BEGIN DATA BELOW
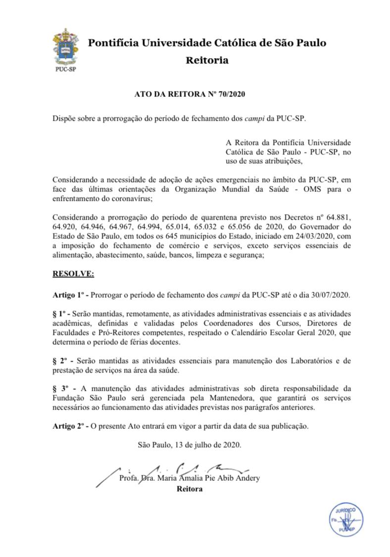 A PUC-SP estenderá a suspensão das atividades presenciais até 30/07/2020, em atendimento à definição das autoridades do estado e da cidade de São Paulo que estende a quarentena até a referida data.
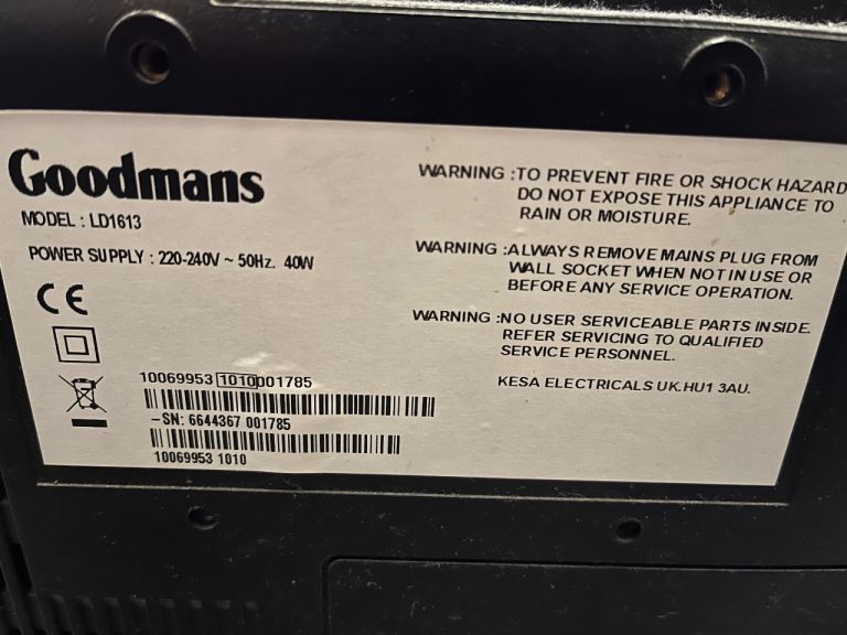 Goodmans LD1613 16" HD Ready Monitor Tested & Working No Remote
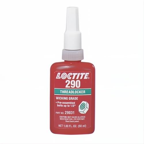 LOCTITE® 290 is a liquid medium/high-strength thread locker designed for the locking and sealing of threaded fasteners. Because of its low viscosity and capillary action, the product wicks between engaged threads and eliminates the need for disassembly prior to application. The product cures when confined in the absence of air between close-fitting metal surfaces and prevents loosening and leakage due to shock and vibration. The product can also fill porosities in welds, castings and powdered metal parts.
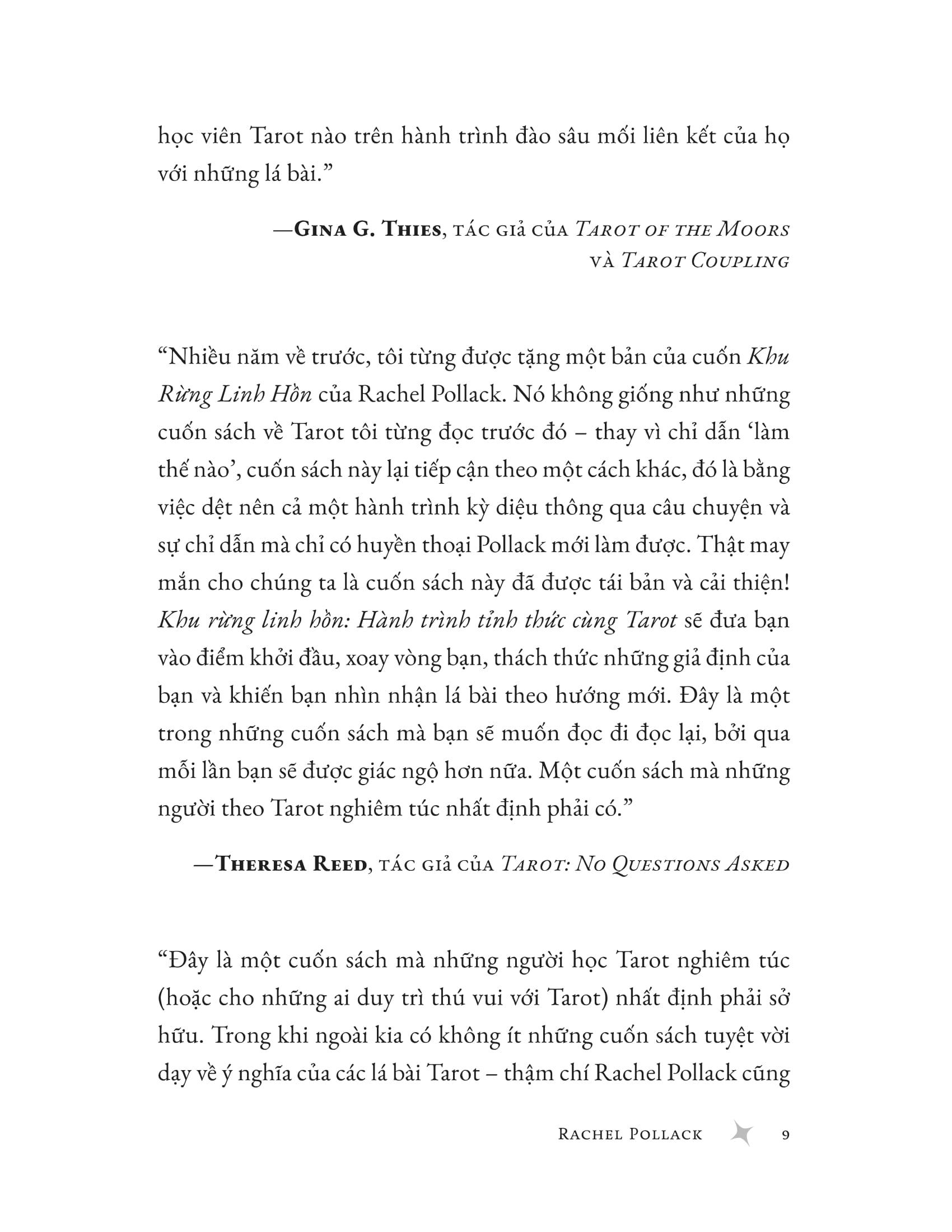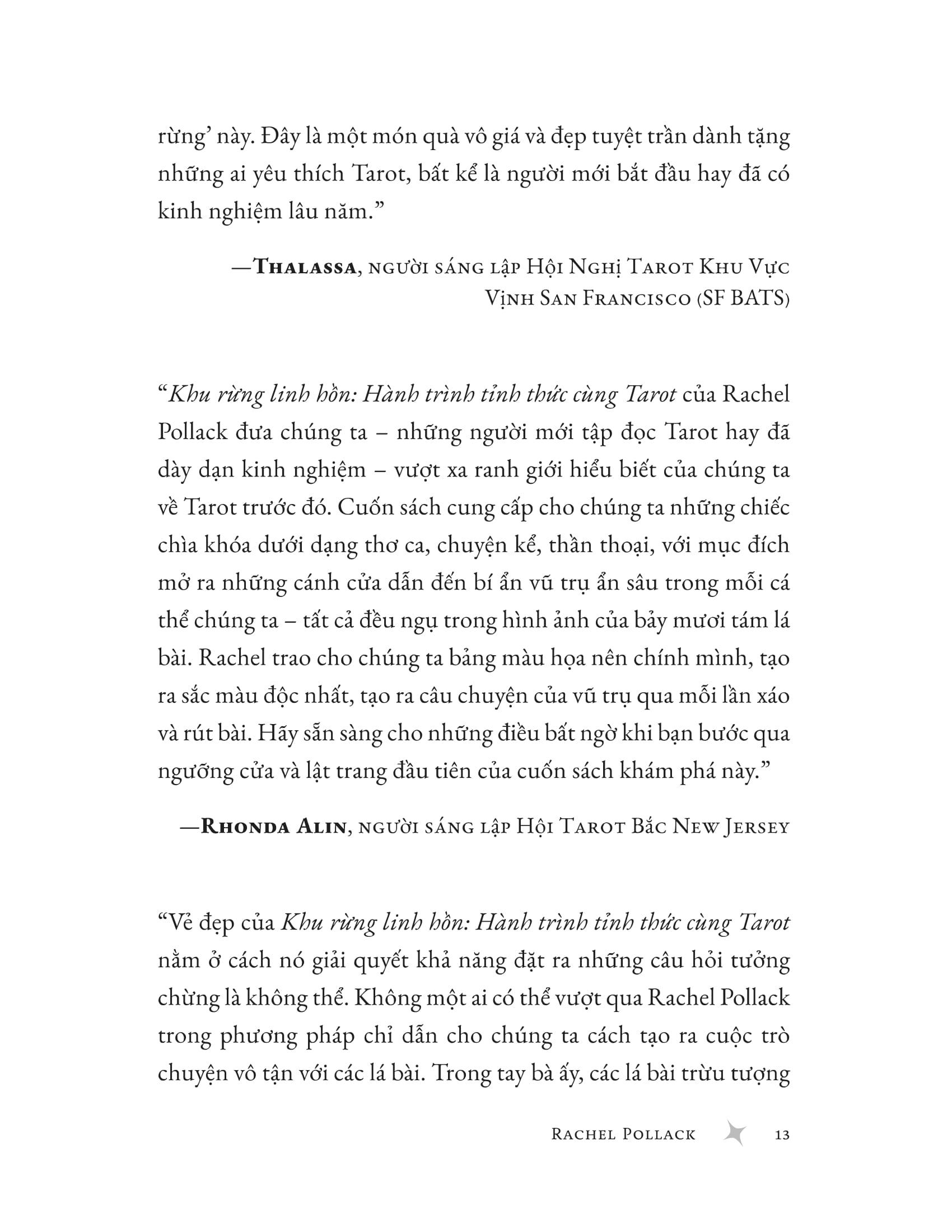 Mua tại Tiktokkhu rừng linh hồn - hành trình tỉnh thức cùng tarot dành cho những người tìm kiếm con đường tâm linh, khu rừng linh hồn: hành trình tỉnh thức cùng tarot mở ra một lối đi khác biệt với các sách dạy “cách đọc bài” thông thường. thay vì diễn giải từng lá bài, chuyên gia tarot rachel pollack mời bạn dạo bước trong khu rừng tarot, nơi mà bạn sẽ bắt gặp tất cả những biểu tượng cổ xưa, giải mã tiếng nói của chúng, và học cách kết nối với chiều sâu linh hồn m.ình. trong khu rừng này, bạn sẽ học được:
END DATA BELOW
WORK TO BE COMPLETED
Only the lines from the start of the material to the line with "Working No Remote", inclusive, belong in the answer, printed exactly and free of pictures.

SOLUTION FOR THIS EXERCISE
 A PUC-SP estenderá a suspensão das atividades presenciais até 30/07/2020, em atendimento à definição das autoridades do estado e da cidade de São Paulo que estende a quarentena até a referida data.
 Goodmans LD1613 16" HD Ready Monitor Tested & Working No Remote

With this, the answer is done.